(Beginning of Input data)

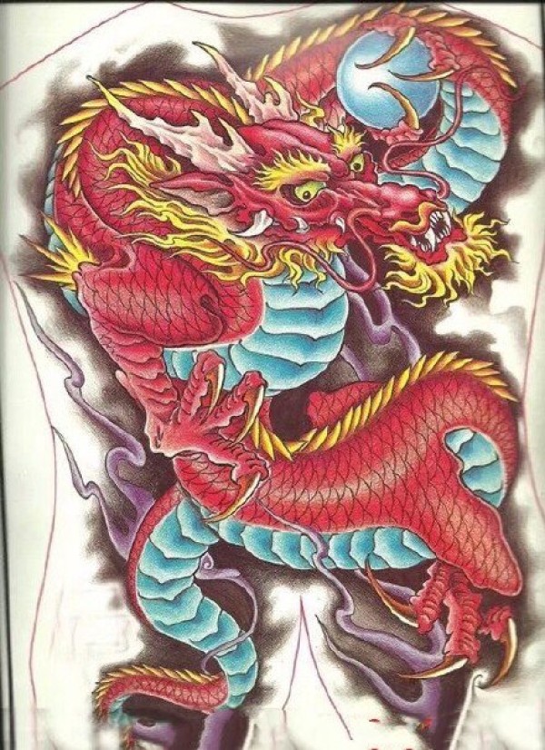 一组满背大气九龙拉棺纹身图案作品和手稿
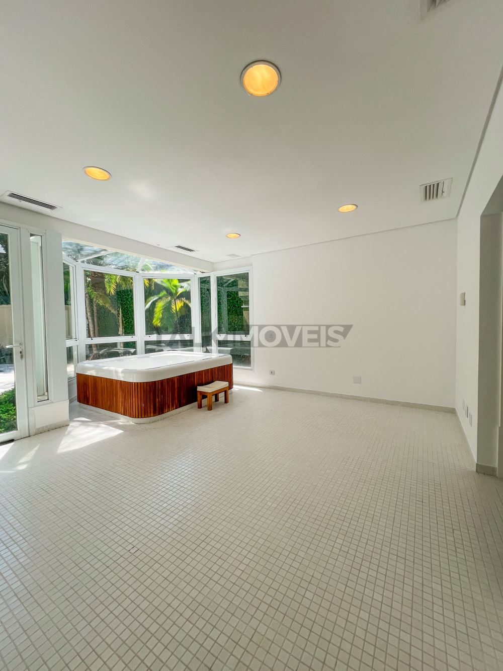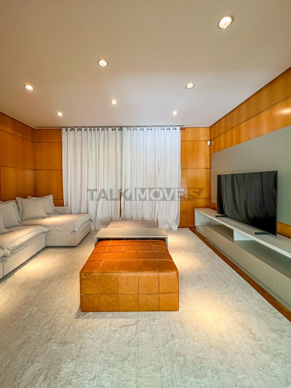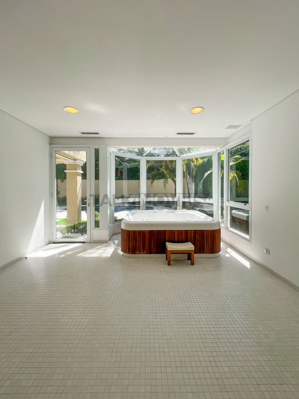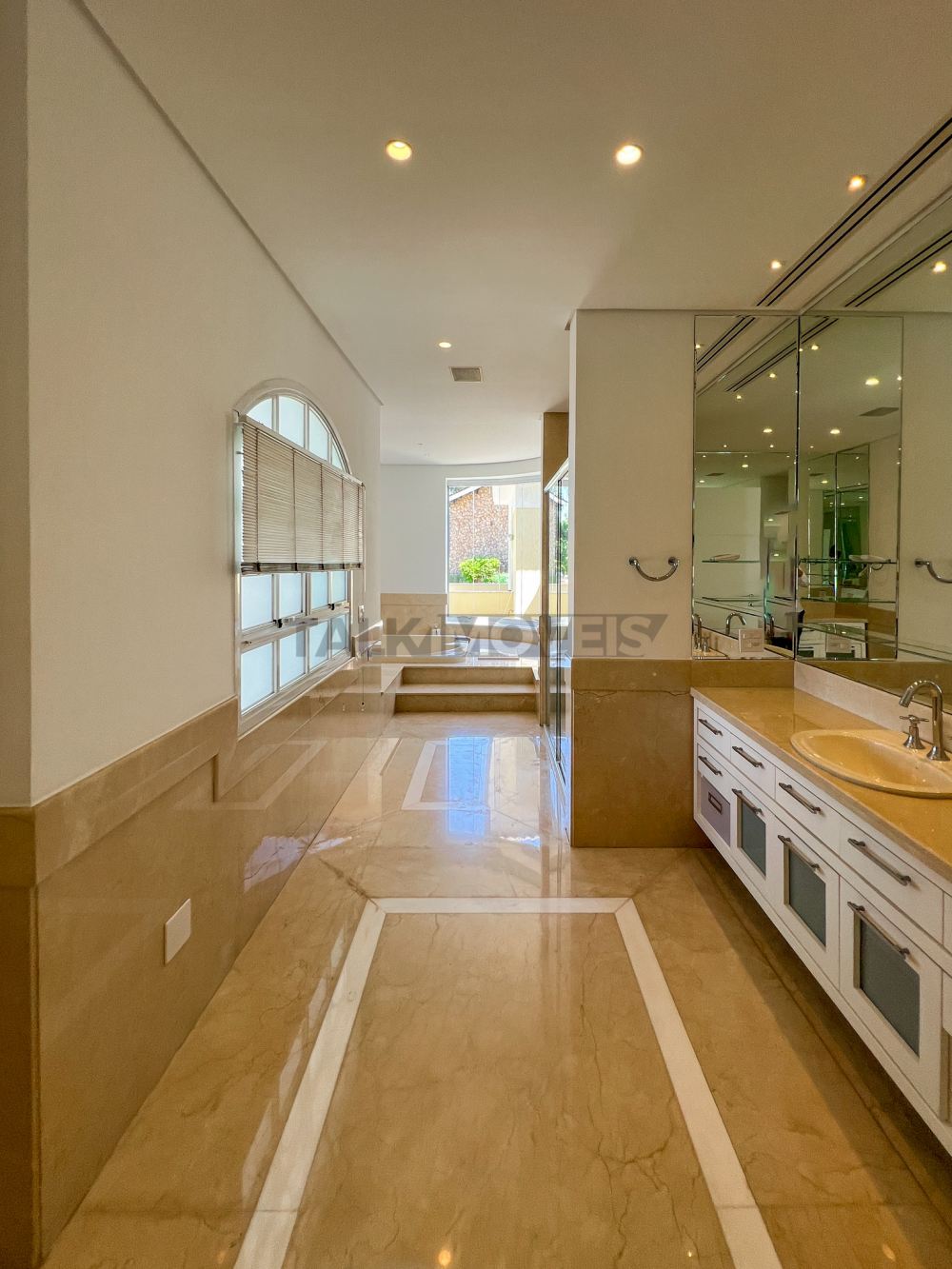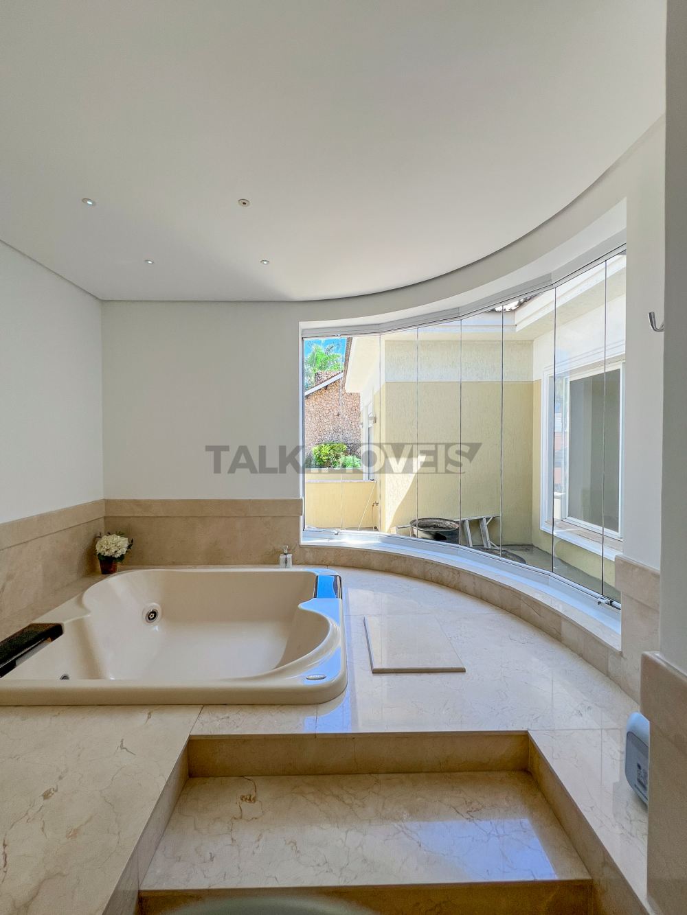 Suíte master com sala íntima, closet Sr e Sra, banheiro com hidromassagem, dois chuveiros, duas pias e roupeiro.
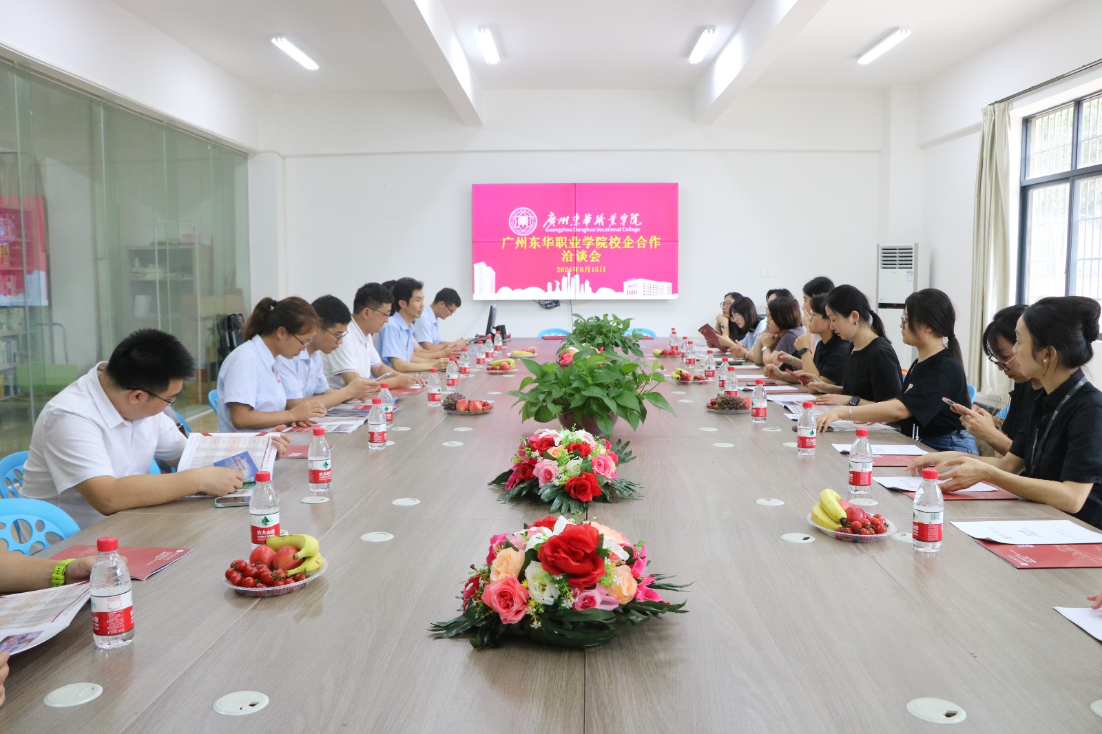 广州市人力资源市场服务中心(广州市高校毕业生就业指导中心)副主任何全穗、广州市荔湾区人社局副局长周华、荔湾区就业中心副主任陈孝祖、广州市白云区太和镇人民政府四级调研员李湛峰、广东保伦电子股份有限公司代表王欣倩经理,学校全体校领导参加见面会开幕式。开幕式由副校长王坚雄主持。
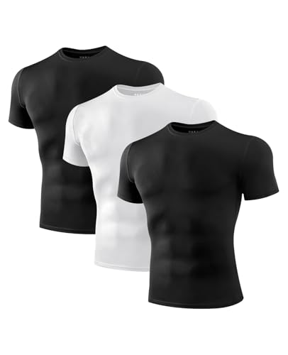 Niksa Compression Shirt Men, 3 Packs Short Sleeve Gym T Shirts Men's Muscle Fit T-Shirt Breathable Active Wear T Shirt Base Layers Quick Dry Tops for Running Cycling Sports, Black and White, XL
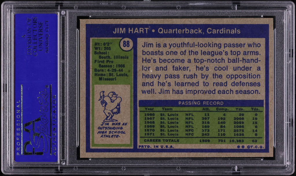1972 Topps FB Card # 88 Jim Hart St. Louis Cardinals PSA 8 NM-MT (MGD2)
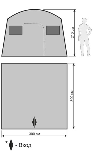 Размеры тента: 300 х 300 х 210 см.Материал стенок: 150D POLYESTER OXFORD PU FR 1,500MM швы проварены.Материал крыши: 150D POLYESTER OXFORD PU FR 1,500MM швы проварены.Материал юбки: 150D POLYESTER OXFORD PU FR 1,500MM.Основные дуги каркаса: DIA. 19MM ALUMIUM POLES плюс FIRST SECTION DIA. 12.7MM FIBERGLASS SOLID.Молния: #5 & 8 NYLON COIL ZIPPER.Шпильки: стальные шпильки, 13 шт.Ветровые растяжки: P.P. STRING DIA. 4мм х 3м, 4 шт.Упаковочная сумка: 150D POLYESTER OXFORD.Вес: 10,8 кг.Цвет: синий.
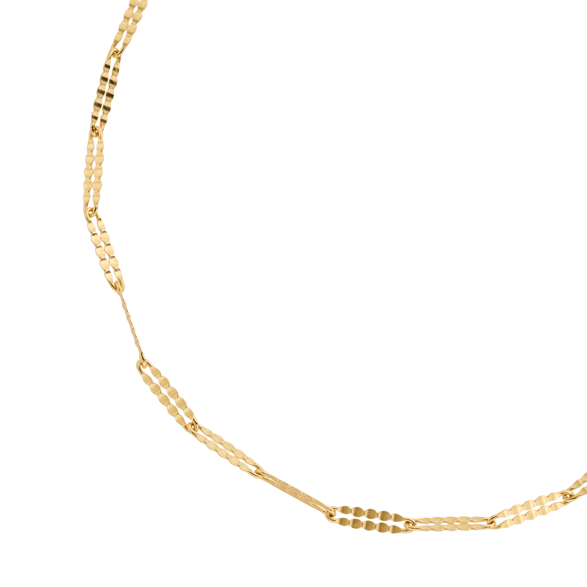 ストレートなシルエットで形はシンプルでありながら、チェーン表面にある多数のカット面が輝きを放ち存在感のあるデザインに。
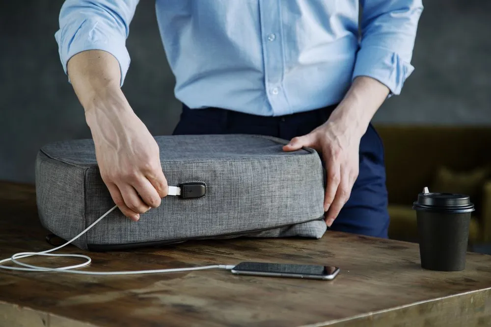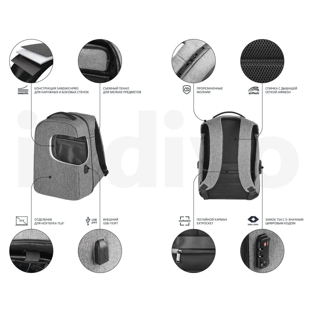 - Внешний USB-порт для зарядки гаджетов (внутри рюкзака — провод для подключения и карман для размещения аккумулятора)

(End of Input data)

For this exercise, output the records exactly but omit their pictures.

 一组满背大气九龙拉棺纹身图案作品和手稿
 Suíte master com sala íntima, closet Sr e Sra, banheiro com hidromassagem, dois chuveiros, duas pias e roupeiro.
 广州市人力资源市场服务中心(广州市高校毕业生就业指导中心)副主任何全穗、广州市荔湾区人社局副局长周华、荔湾区就业中心副主任陈孝祖、广州市白云区太和镇人民政府四级调研员李湛峰、广东保伦电子股份有限公司代表王欣倩经理,学校全体校领导参加见面会开幕式。开幕式由副校长王坚雄主持。
 Niksa Compression Shirt Men, 3 Packs Short Sleeve Gym T Shirts Men's Muscle Fit T-Shirt Breathable Active Wear T Shirt Base Layers Quick Dry Tops for Running Cycling Sports, Black and White, XL
1972 Topps FB Card # 88 Jim Hart St. Louis Cardinals PSA 8 NM-MT (MGD2)
 Размеры тента: 300 х 300 х 210 см.Материал стенок: 150D POLYESTER OXFORD PU FR 1,500MM швы проварены.Материал крыши: 150D POLYESTER OXFORD PU FR 1,500MM швы проварены.Материал юбки: 150D POLYESTER OXFORD PU FR 1,500MM.Основные дуги каркаса: DIA. 19MM ALUMIUM POLES плюс FIRST SECTION DIA. 12.7MM FIBERGLASS SOLID.Молния: #5 & 8 NYLON COIL ZIPPER.Шпильки: стальные шпильки, 13 шт.Ветровые растяжки: P.P. STRING DIA. 4мм х 3м, 4 шт.Упаковочная сумка: 150D POLYESTER OXFORD.Вес: 10,8 кг.Цвет: синий.
 ストレートなシルエットで形はシンプルでありながら、チェーン表面にある多数のカット面が輝きを放ち存在感のあるデザインに。
 - Внешний USB-порт для зарядки гаджетов (внутри рюкзака — провод для подключения и карман для размещения аккумулятора)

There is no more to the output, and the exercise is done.